§ What is being asked
Restate exactly the lines below, from the one containing "Predstavitev knjige Peter" through the final line, and leave out the pictures.

========

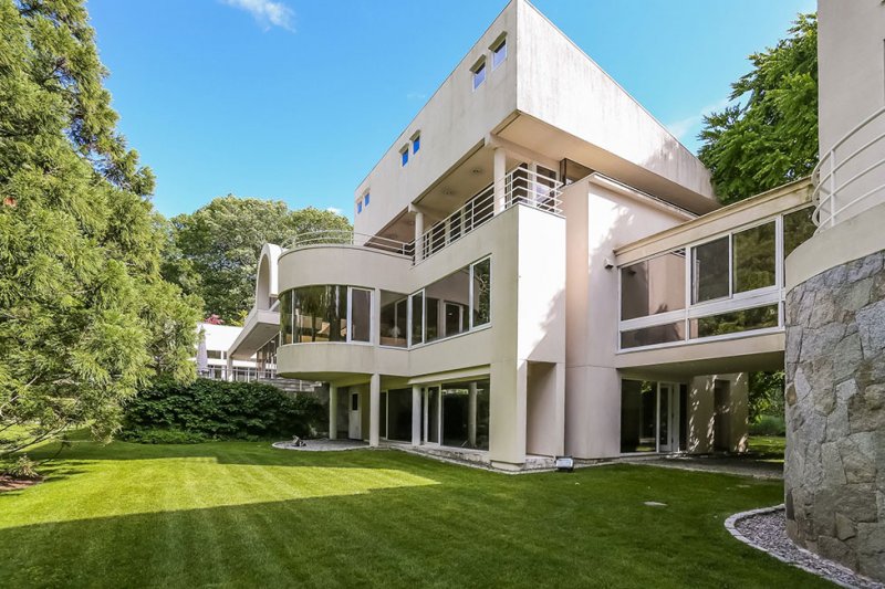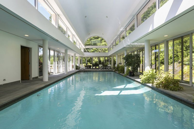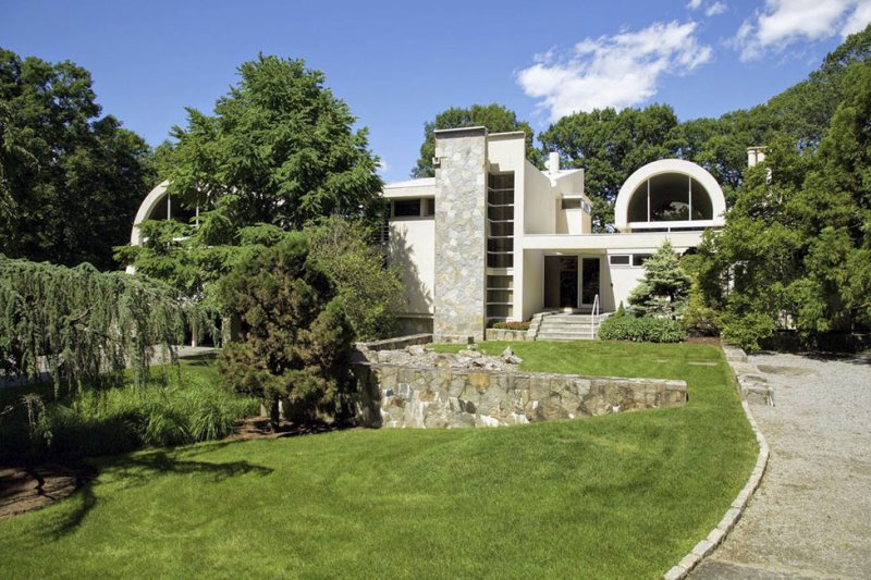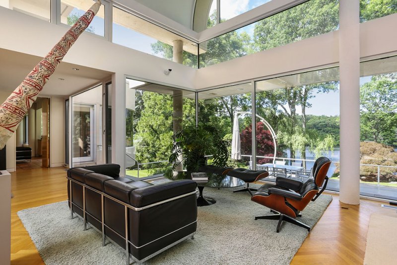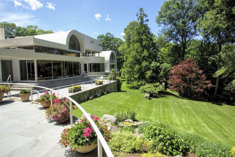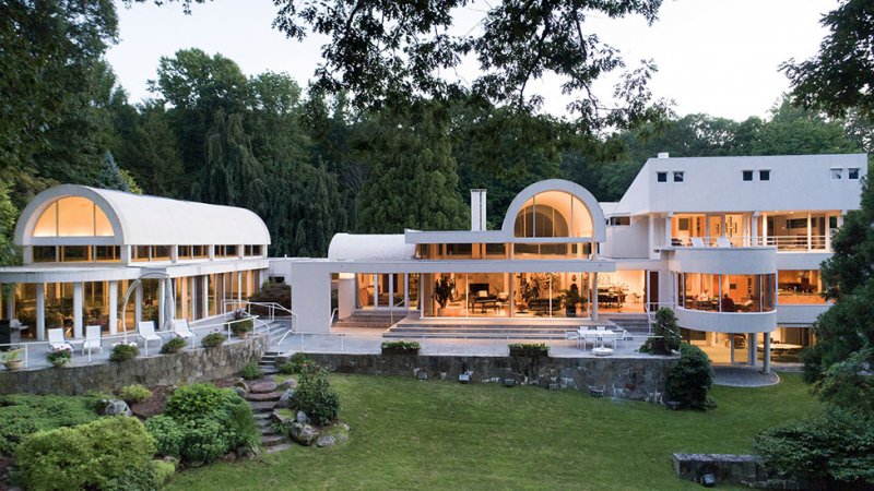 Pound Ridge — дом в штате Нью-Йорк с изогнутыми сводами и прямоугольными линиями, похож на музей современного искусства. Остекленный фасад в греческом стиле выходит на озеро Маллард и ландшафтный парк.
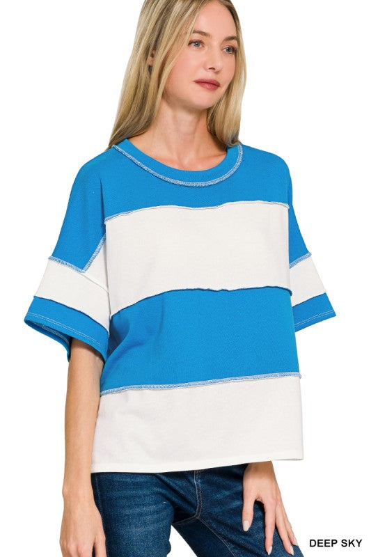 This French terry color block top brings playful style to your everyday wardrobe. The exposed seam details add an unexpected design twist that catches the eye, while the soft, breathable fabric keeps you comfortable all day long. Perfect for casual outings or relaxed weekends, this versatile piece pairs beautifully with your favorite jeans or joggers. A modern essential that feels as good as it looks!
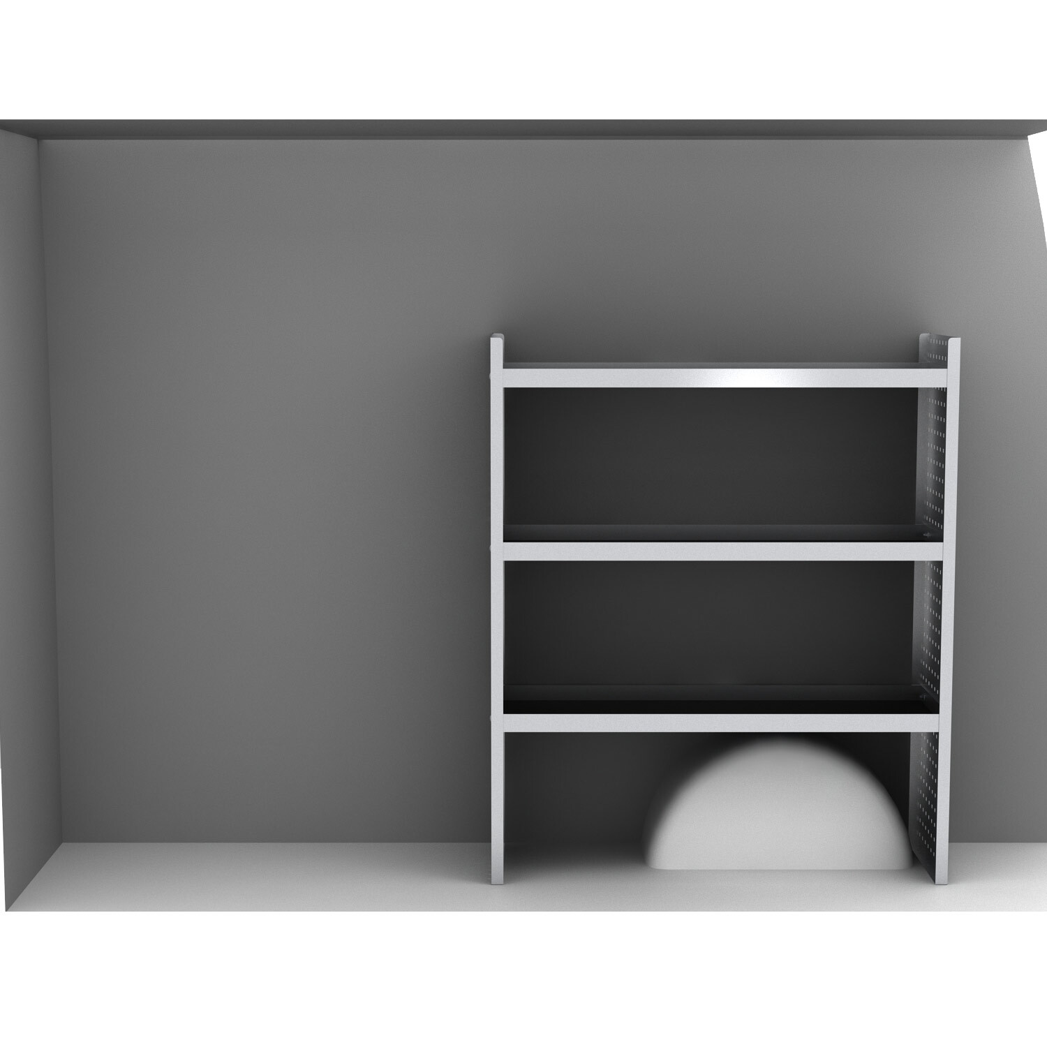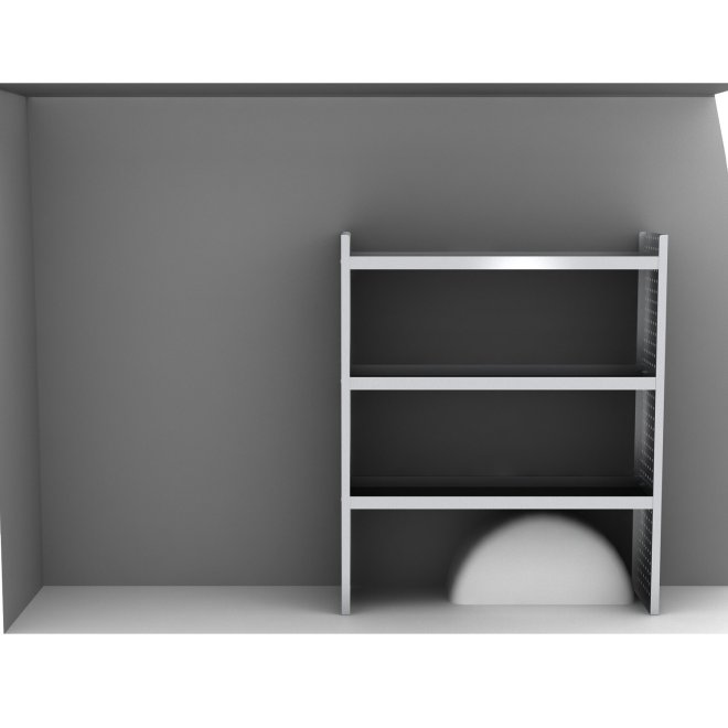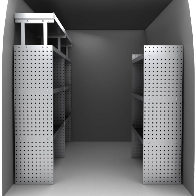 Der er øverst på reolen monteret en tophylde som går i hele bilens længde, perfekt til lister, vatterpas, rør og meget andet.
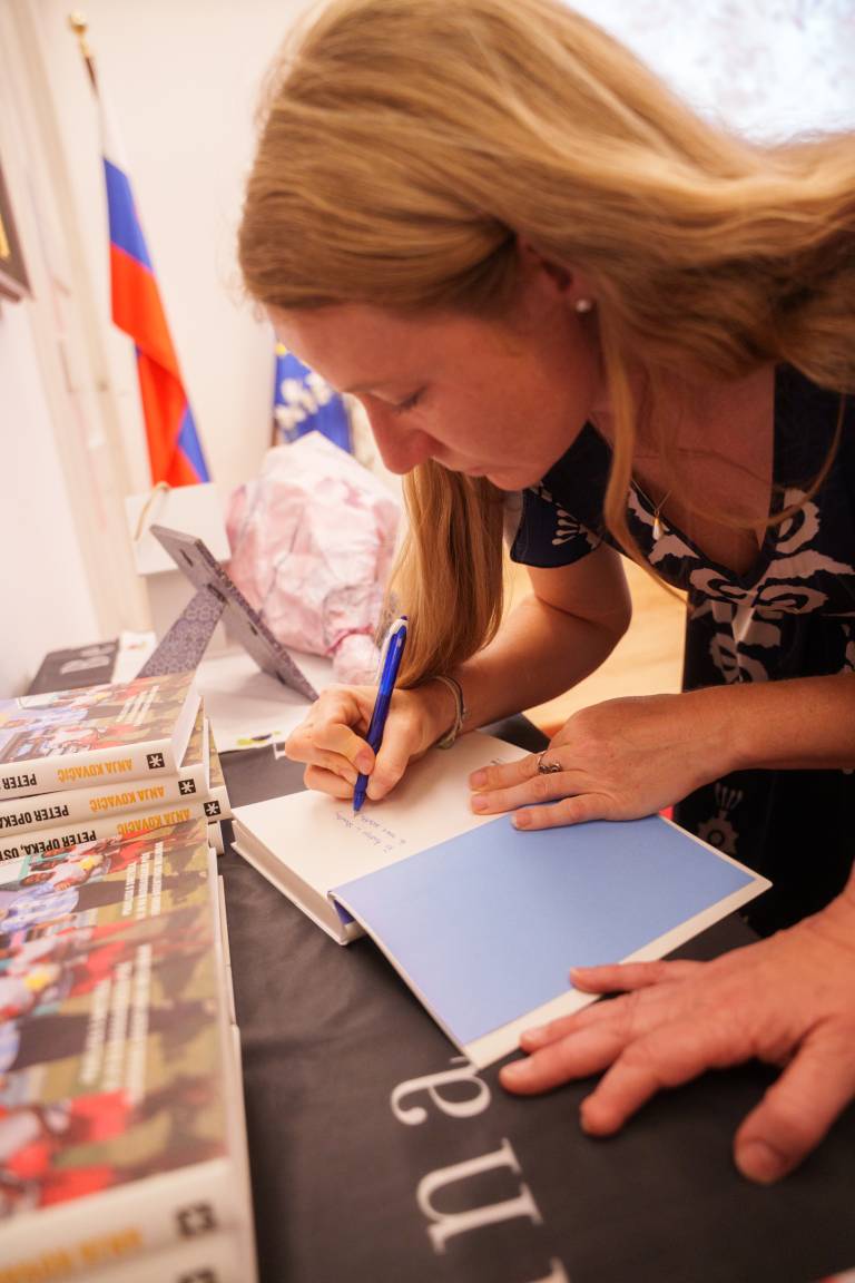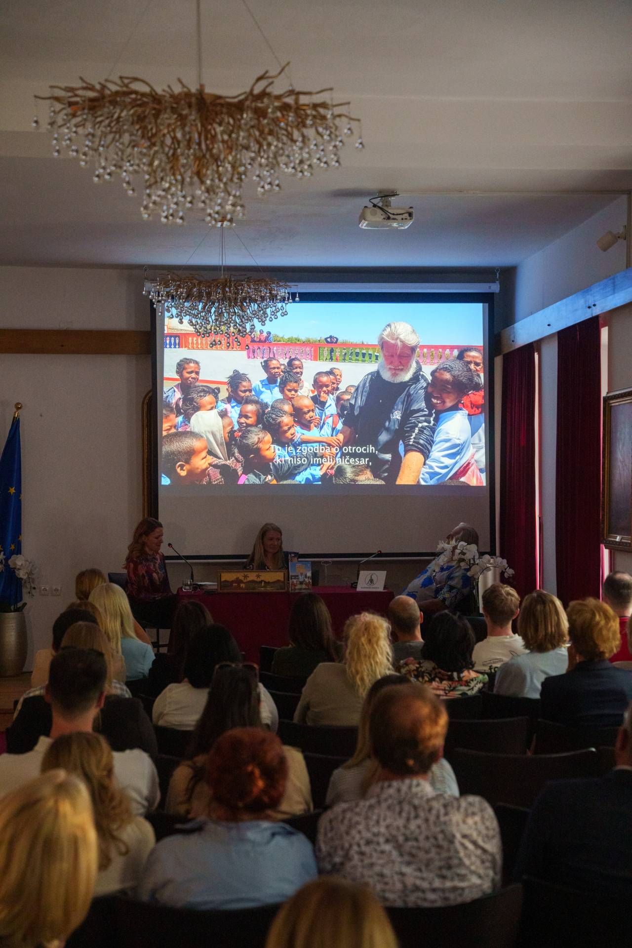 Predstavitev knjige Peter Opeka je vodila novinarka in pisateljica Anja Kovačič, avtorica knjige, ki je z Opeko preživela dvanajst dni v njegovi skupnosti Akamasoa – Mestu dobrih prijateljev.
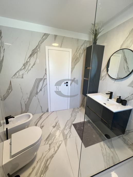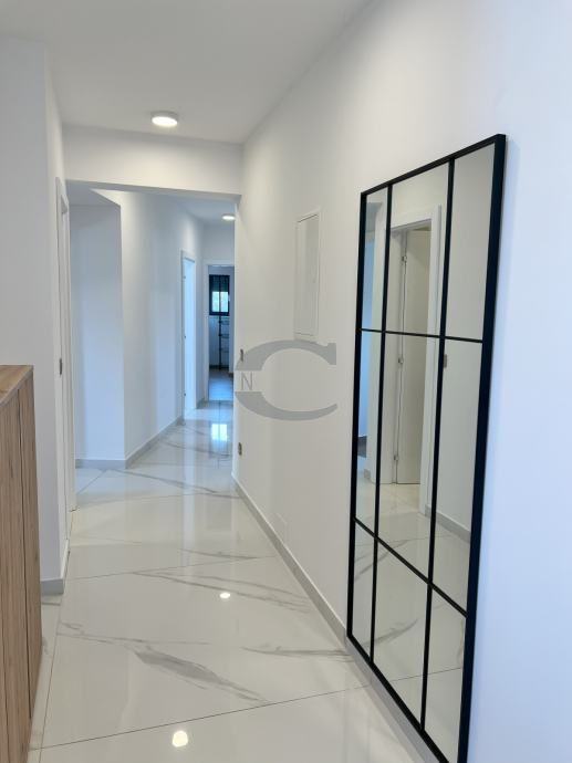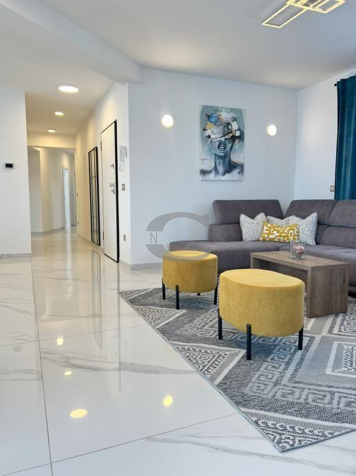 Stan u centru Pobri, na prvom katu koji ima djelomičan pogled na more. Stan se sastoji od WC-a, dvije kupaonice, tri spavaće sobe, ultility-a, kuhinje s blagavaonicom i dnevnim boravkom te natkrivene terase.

========

§ Task solution
 Predstavitev knjige Peter Opeka je vodila novinarka in pisateljica Anja Kovačič, avtorica knjige, ki je z Opeko preživela dvanajst dni v njegovi skupnosti Akamasoa – Mestu dobrih prijateljev.
 Stan u centru Pobri, na prvom katu koji ima djelomičan pogled na more. Stan se sastoji od WC-a, dvije kupaonice, tri spavaće sobe, ultility-a, kuhinje s blagavaonicom i dnevnim boravkom te natkrivene terase.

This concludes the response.